Challenge 27: Recover the key from CBC with IV=Key

Take your code from the CBC exercise and modify it so that it repurposes the key for CBC encryption as the IV.

Applications sometimes use the key as an IV on the auspices that both the sender and the receiver have to know the key already, and can save some space by using it as both a key and an IV.

Using the key as an IV is insecure; an attacker that can modify ciphertext in flight can get the receiver to decrypt a value that will reveal the key.

The CBC code from exercise 16 encrypts a URL string. Verify each byte of the plaintext for ASCII compliance (ie, look for high-ASCII values). Noncompliant messages should raise an exception or return an error that includes the decrypted plaintext (this happens all the time in real systems, for what it's worth).

Use your code to encrypt a message that is at least 3 blocks long:

AES-CBC(P_1, P_2, P_3) -> C_1, C_2, C_3

Modify the message (you are now the attacker):

C_1, C_2, C_3 -> C_1, 0, C_1

Decrypt the message (you are now the receiver) and raise the appropriate error if high-ASCII is found.

As the attacker, recovering the plaintext from the error, extract the key:

P'_1 XOR P'_3

So we have access to an encryption and decryption oracle that uses the key as the IV. As a reminder, here is an illustration of CBC decryption:

CBC decryption

When you submit three blocks (C1, C2, C3) of ciphertext to our decryption oracle, the first block of plaintext you get is AES_decrypt(C1, K) XOR IV, which in our case where IV = K is equal to AES_decrypt(C1, K) XOR K. If we manage to get AES_decrypt(C1, K), we can compute K and we are done.

How do we get AES_decrypt(C1, K)? By submitting (0, C1) for decryption, where 0 represents a block of ciphertext containing only zeros. The decryption of the second block will result in AES_decrypt(C1, K) XOR 0, that is, AES_decrypt(C1, K).

This is why the instructions tell us to submit (C1, 0, C1). Let's call (P1, P2, P3) the three blocks of plaintext you get from the decryption oracle, you have P1 XOR P3 = K.

In [7]:
ZERO_BLOCK = b'\x00'*16
c1 = os.urandom(16)
PaddingError                              Traceback (most recent call last)
<ipython-input-7-35583ec3ac68> in <module>
      1 ZERO_BLOCK = b'\x00'*16
      2 c1 = os.urandom(16)
----> 3 oracle.decrypt(c1+ZERO_BLOCK+c1)

<ipython-input-1-9a7ccfd9df8c> in decrypt(self, ctxt)
     12     def decrypt(self, ctxt):
---> 13         ptxt = decrypt_aes_128_cbc(ctxt, iv=self.key, key=self.key)
     14         try:
     15             ptxt.decode(encoding='ascii')

~/repos/cryptopals/challenges/libmatasano.py in decrypt_aes_128_cbc(ctxt, iv, key)
    180         padded_msg += bxor(mask, tmp)
    181         mask = enc_block
--> 182     return pkcs7_strip(padded_msg, block_size)
    184 for _ in range(4):

~/repos/cryptopals/challenges/libmatasano.py in pkcs7_strip(x, block_size)
     89     if padding_size > block_size:
---> 90         raise PaddingError('illegal last byte (greater than block size)')
     91     if padding_size == 0:
     92         raise PaddingError('illegal last byte (zero)')

PaddingError: illegal last byte (greater than block size)

Oops.

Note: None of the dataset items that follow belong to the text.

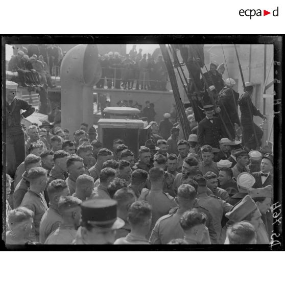 San Francisco. Les Américains sur le quai. Le maire de la ville en premier plan, tête nue.
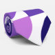 This tie has a mid-century modern design of quarter and half circles in shades of purple.
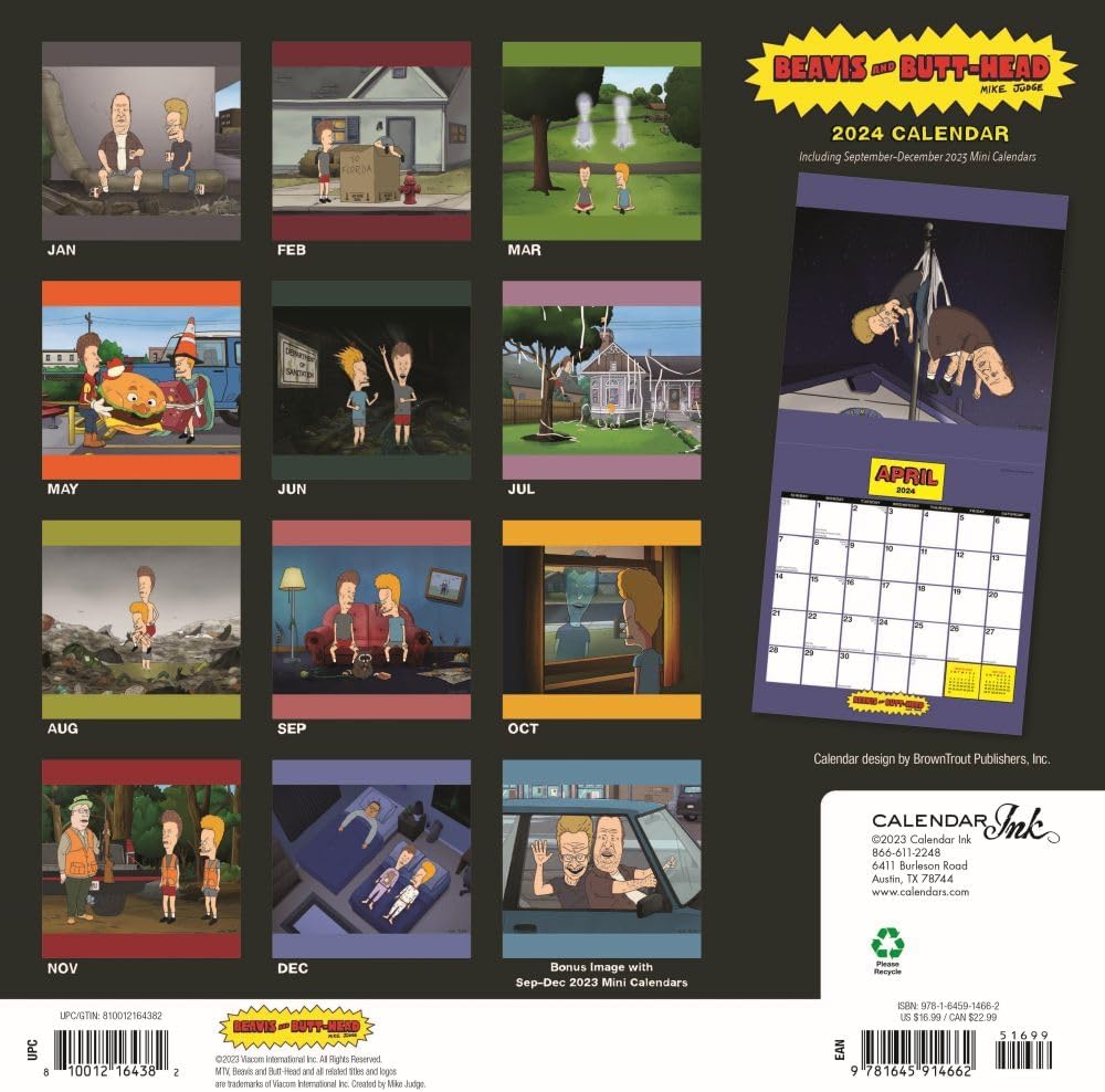 Calendar Ink Beavis andhead 2024 Calendario de pared Yaxa

What happened? The decryption oracle applied CBC decryption, but then it applied PKCS#7 padding removal, since messages encrypted with CBC are supposed to be padded. Now PKCS#7 failed because the decrypted bytes had an invalid padding.

This is not really surprising: the ciphertext we submitted is completely made up, and we have no idea on what the last decrypted bytes will be. So the chance that it ends with a valid padding it pretty low (more precisely it's about 1/256, that is the probability that the last byte is \x01 in which case PKCS#7 accepts the padding without even looking at the previous bytes).

So how do we make sure that PKCS#7 will not raise an error? I had a solution that used a technique we already used, for instance in challenge 17: a for loop where we mess with the last byte of the second-to-last ciphertext block, until the last decrypted byte happens to be \x01 and PKCS#7 is happy. Here is what it looked like:

In [ ]:
for i in range(0xFF):
        ptxt = oracle.decrypt(c1 + b'\x00'*15 + bytes([i]) + c1)
    except PaddingError:
    print('Error: always get a padding error')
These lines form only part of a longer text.